◆ Provided information
○ ○ ○ ○ ○

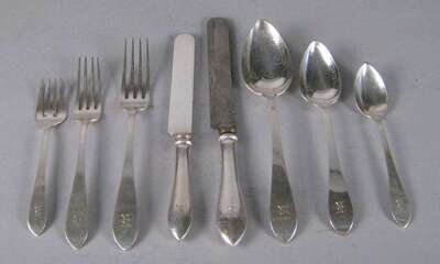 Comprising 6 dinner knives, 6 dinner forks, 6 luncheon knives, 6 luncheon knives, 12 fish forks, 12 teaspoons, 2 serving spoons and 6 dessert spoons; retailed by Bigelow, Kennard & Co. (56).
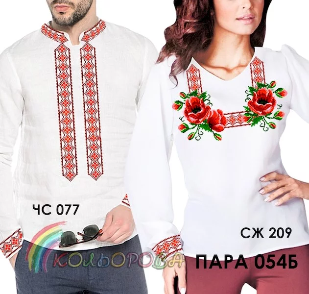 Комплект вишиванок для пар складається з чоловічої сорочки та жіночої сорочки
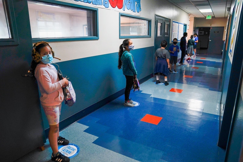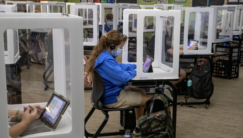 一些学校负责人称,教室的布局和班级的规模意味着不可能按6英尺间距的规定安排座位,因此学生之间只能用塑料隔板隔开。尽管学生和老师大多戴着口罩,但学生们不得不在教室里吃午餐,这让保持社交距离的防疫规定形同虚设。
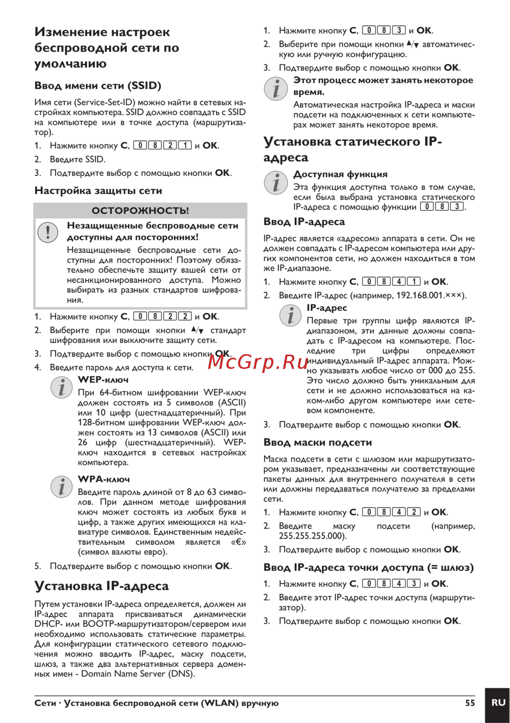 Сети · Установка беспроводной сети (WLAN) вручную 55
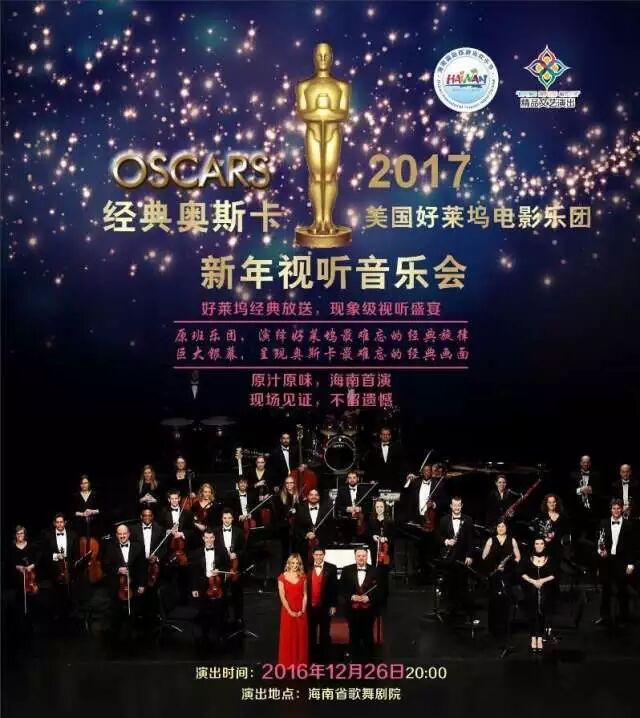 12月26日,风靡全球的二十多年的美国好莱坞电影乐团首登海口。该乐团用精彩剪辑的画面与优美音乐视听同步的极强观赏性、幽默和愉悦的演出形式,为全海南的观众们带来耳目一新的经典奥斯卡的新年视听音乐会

○ ○ ○ ○ ○

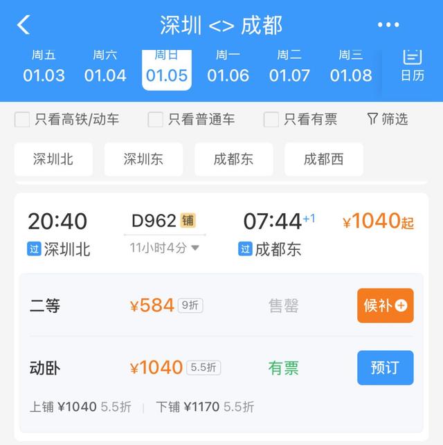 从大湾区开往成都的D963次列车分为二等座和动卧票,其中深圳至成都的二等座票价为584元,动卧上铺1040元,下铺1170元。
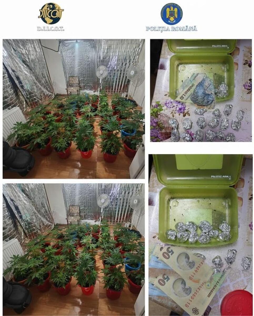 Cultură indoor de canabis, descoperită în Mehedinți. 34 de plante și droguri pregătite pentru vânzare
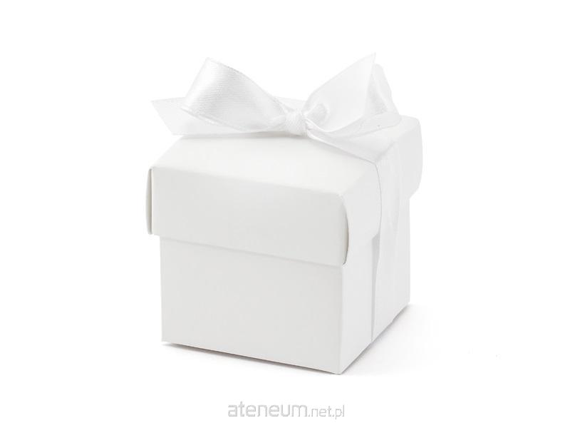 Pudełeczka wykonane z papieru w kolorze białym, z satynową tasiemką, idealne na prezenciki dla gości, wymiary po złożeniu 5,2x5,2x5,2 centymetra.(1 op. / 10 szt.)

○ ○ ○ ○ ○

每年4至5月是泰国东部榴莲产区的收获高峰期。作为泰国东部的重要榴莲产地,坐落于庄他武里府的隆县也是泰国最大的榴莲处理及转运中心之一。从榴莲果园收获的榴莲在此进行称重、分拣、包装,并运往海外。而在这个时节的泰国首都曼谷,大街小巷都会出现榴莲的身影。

○ ○ ○ ○ ○

◆ About this task
In the data above, start at the line holding "Comprising 6 dinner" and stop after the line holding "Комплект вишиванок для"; write out those lines exactly, without pictures.

◆ Solution
 Comprising 6 dinner knives, 6 dinner forks, 6 luncheon knives, 6 luncheon knives, 12 fish forks, 12 teaspoons, 2 serving spoons and 6 dessert spoons; retailed by Bigelow, Kennard & Co. (56).
 Комплект вишиванок для пар складається з чоловічої сорочки та жіночої сорочки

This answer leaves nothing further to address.